Мать лежала совершенно неподвижно; ее голова была повернута и немного соскользнула с подушки. Левая рука лежала на груди, а пальцы правой прикрывали ее, словно лаская и оберегая что-то драгоценное.
Лунный ли свет делал кроткое чело таким белым? Куда исчезли морщины заботы и боли? Лицо матери, которая всегда стирала и плакала, плакала и стирала, было таким радостным, словно закрытые глаза созерцали небесные видения.
“Что-то, должно быть, излечило ее!” - подумала Клара-Белла, с благоговейным чувством и почти испуганная белизной и безмолвием.
Она на цыпочках подошла поближе, чтобы взглянуть на неподвижное улыбающееся лицо, и, склонившись, увидела в тени правой руки узкое золотое колечко на одном из натруженных пальцев левой.
- Ах, кольцо пришло наконец! - радостно прошептала она. - Наверное, от этого ей стало лучше!
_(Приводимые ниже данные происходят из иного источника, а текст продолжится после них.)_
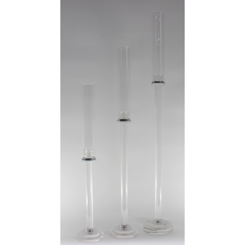 A set of three crystal candle holders with a clean, simple silhouette and smooth, transparent form. Their clarity enhances the natural glow of candlelight, creating a soft, elegant atmosphere. Perfect for styling together as a centerpiece or separately throughout a space, they bring a refined, understated luxury to any interior.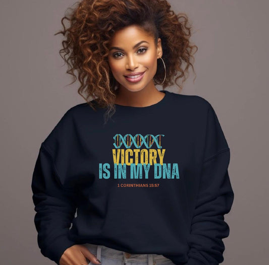 Victory Is In My DNA Sweatshirt — Christian Inspirational Crewneck (1 Corinthians 15:57)

Она нежно положила ладонь на руку матери. Дрожь ужаса, трепет предчувствия пронзили девочку с головы до ног, когда ее рука ощутила ледяной холод. Грозное присутствие смерти, с которой она никогда не сталкивалась прежде, вдруг стало реальностью. Оно заполнило комнату, подавило крик на ее губах, приковало ее ноги к полу, остановило биение ее сердца.
В этот момент открылась дверь.
- О, доктор! Скорее! - всхлипнула Клара-Белла, протянув к нему руку в немой мольбе о помощи, а затем прижала ладонь к глазам, чтобы не смотреть. - Идите ближе! Посмотрите на маму! Ей лучше?.. Или она мертва?
Доктор положил одну руку на плечо съежившейся девочки, а другой рукой коснулся лежащей на постели женщины.
- Ей лучше, - сказал он ласково, - и она мертва.
Рассказ десятый
Воспоминания Ребекки
Ребекка сидела у окна своей комнатки в пансионе Уэйрхемской учительской семинарии. Она была одна, так как ее соседка по комнате, Эмма-Джейн Перкинс, в это время занималась латынью внизу, в одной из аудиторий старого кирпичного здания.
Новая и весьма пылкая страсть к античным языкам произросла в доселе неплодородном уме Эммы-Джейн по той причине, что Эбайджа Флэг, завоевывавший в этот год все награды за учебу, какие только присуждались в лимерикской школе, где он учился, прислал ей письмо на латинском языке - письмо, которое она не смогла перевести сама даже с помощью словаря и которое явно была не склонна показать Ребекке, своей задушевной подруге, наперснице и соседке по комнате, чтобы та перевела текст на английский.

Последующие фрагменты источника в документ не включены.